As a father of four children – three having been born in different East-African cities while he was working on a variety of humanitarian efforts – Pablo feels that “The best legacy I can transmit to them is the awareness of the existence of injustice that human beings suffer. And, of course, what their father does and how that contributes to alleviating human suffering.”

Today, Pablo works to alleviate human suffering as the Country Director for the Center for Victims of Torture in Nairobi, Kenya. In this role he extends the Center’s long-established methods of mental and physical therapy for torture victims to lesbian, gay, bisexual, transgender and intersex (LGBTI) refugees in Nairobi. As Pablo notes, “Kenya is indeed a humanitarian hub, hosting hundreds of thousands of human beings fleeing violence in their countries, and CVT is in the right place to heal and rehabilitate lives that once before were nearly destroyed.”

Among the large refugee population in Nairobi are thousands of LGBTI people who have fled growing intolerance and violence in East Africa. “One of the biggest challenges when serving LGBTI clients in Kenya is the acceptance in the society and in their communities. Regional laws persecute and condemn homosexuality.
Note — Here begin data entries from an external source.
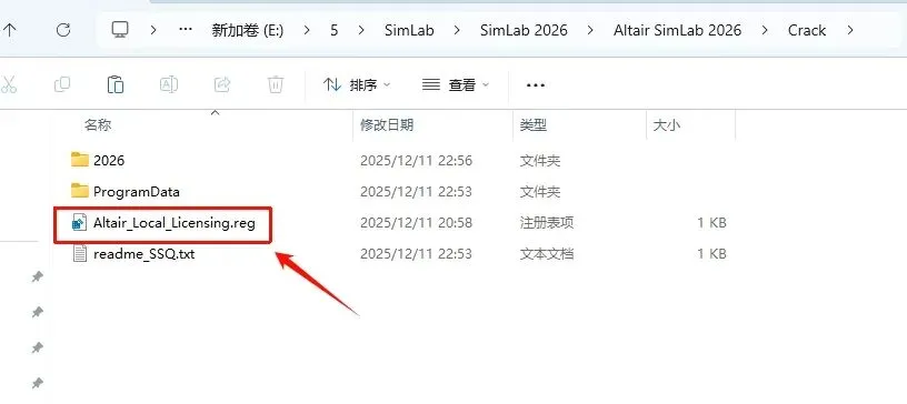 2.打开刚刚解压的文件夹,双击打开”Crack“文件夹,双击运行”Altair_Local_Licensing.reg“注册表文件
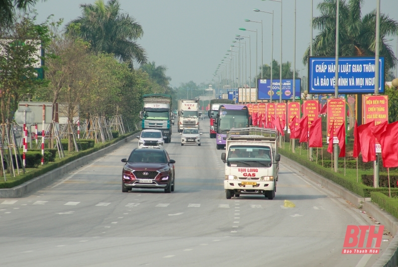 Các phương tiện lưu thông trên Đại lộ Nguyễn Hoàng (TP Thanh Hóa)
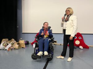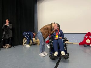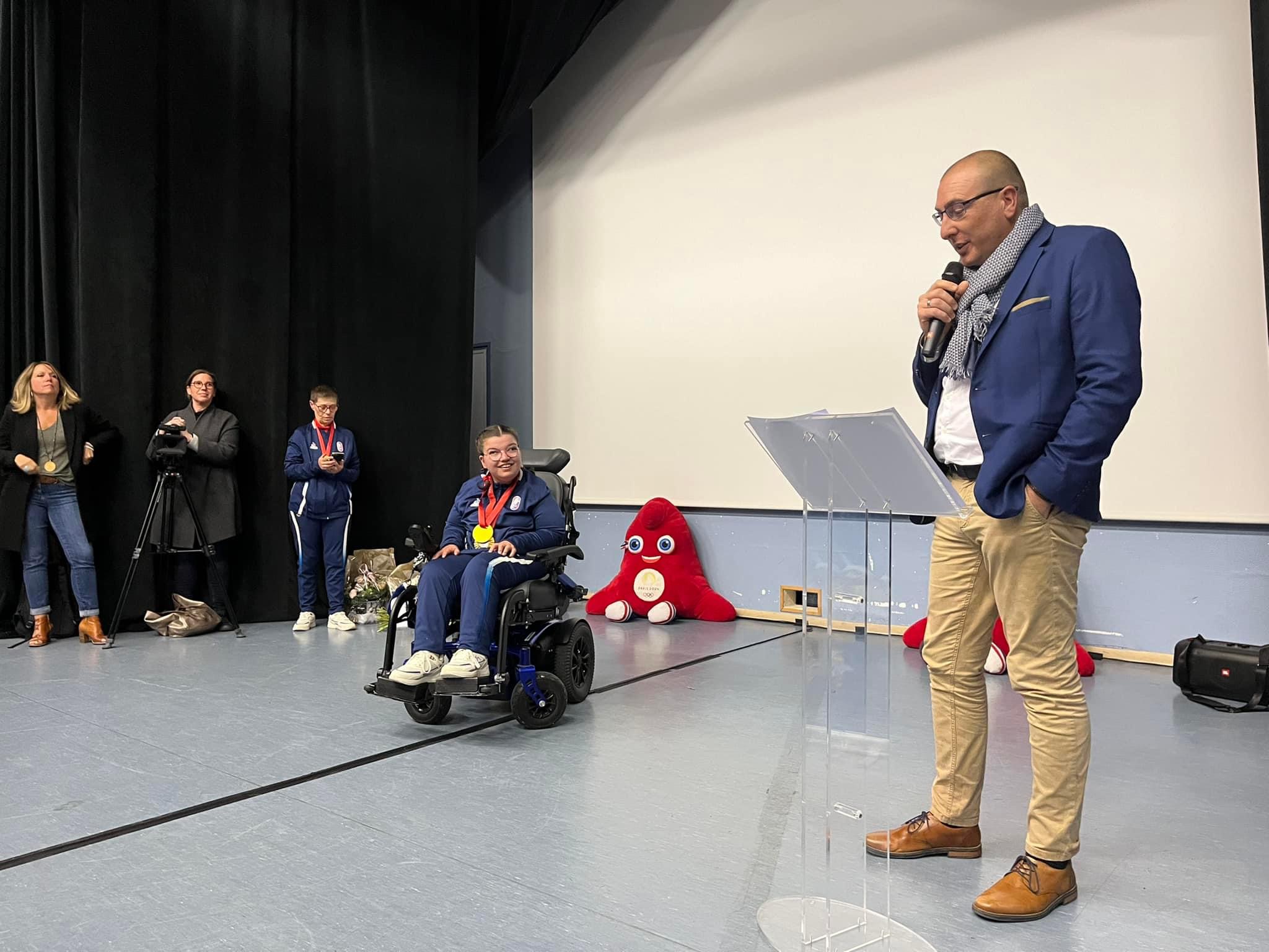 La cérémonie avait lieu à La Ruche à Verneuil d’Avre et d’Iton où elle s’entraîne depuis un an et demi. Entourée de sa famille d’accueil et des professionnels de santé qui l’accompagnent quotidiennement, Aurélie Aubert, a été ovationnée par le public en présence.
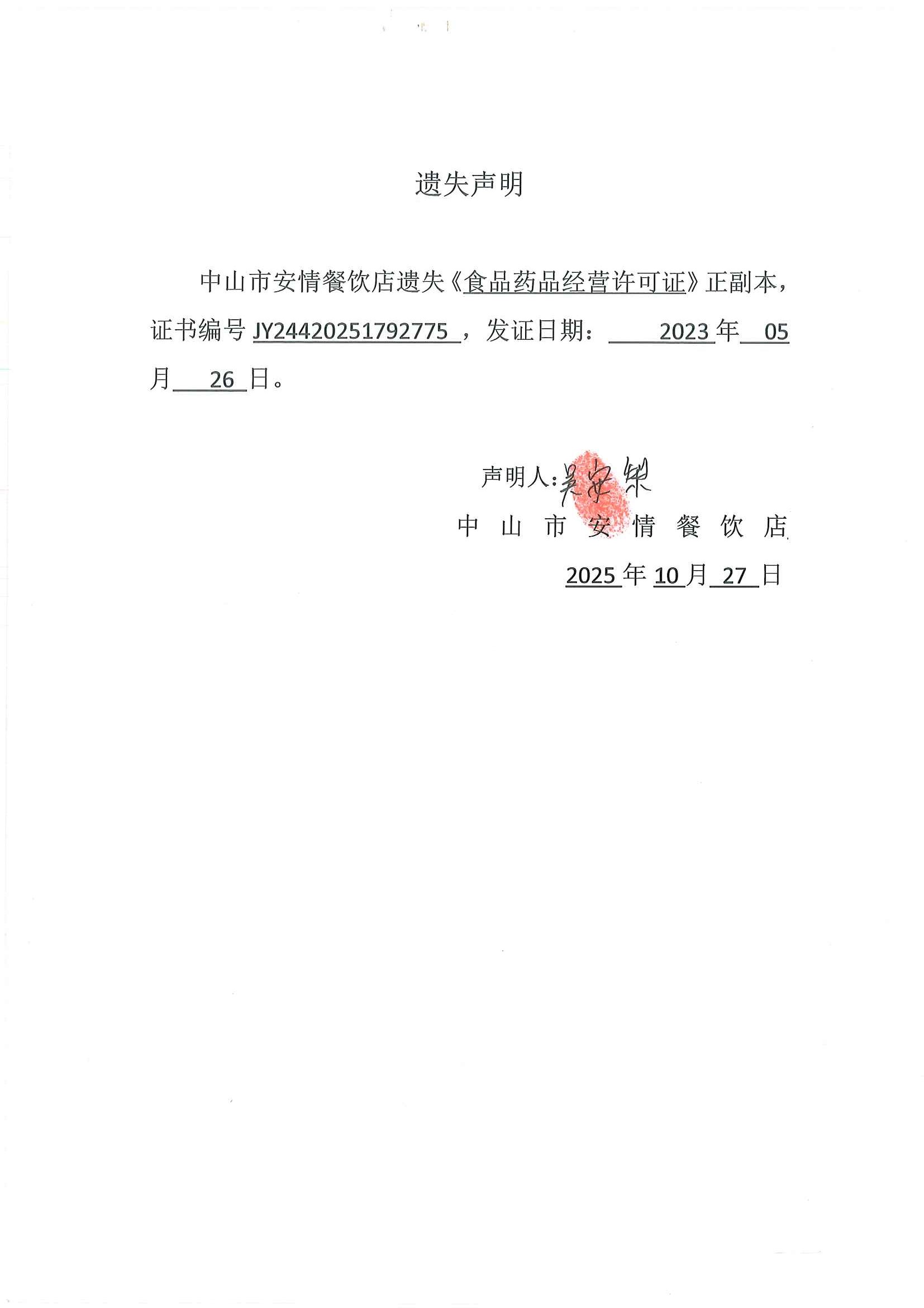 食品药品经营许可证遗失声明(中山市安情餐饮店)

Regional cultures, traditions and religions express discrimination, intolerance and neglect the right to decide your sexual orientation,” says Pablo.

CVT Nairobi has been helping LGBTI clients with mental health care for several years. Recently the organization integrated physiotherapy after clients were raising concerns about the wellbeing of their physical health. Many LGBTI community members experience aggressive harassment and severe discrimination. With LGBTI clients, some careful considerations are made to meet their specific needs, including education about identifying areas of pain, understanding mechanics of their body, and teaching them exercise techniques to strengthen and heal various parts of their body. At the end of the group cycle, evaluations showed that the majority of the group improved tremendously. Overall, they report less discomfort and increased ability to perform activities of daily living with more ease.

And in Kenya there is an additional challenge in serving LGBTI clients – sensitizing and training staff who have lived in an often-intolerant environment. Creating a culture of understanding that the traumas which bring clients to CVT deserve to be healed is a core principle of the work.

The end of a therapy cycle presents the greatest challenge for CVT staff and clients. Can the lessons learned withstand reintegration into a client’s living context where intolerance and dangers persist?

For Pablo, “The education and activism of CVT in Kenya are strong tools to build a worldwide tolerant society. In this region there is a strong resistance to accept these rights, while in other places there are more accommodating laws and inclusive strategies. And I think that is a very positive example to other societies.”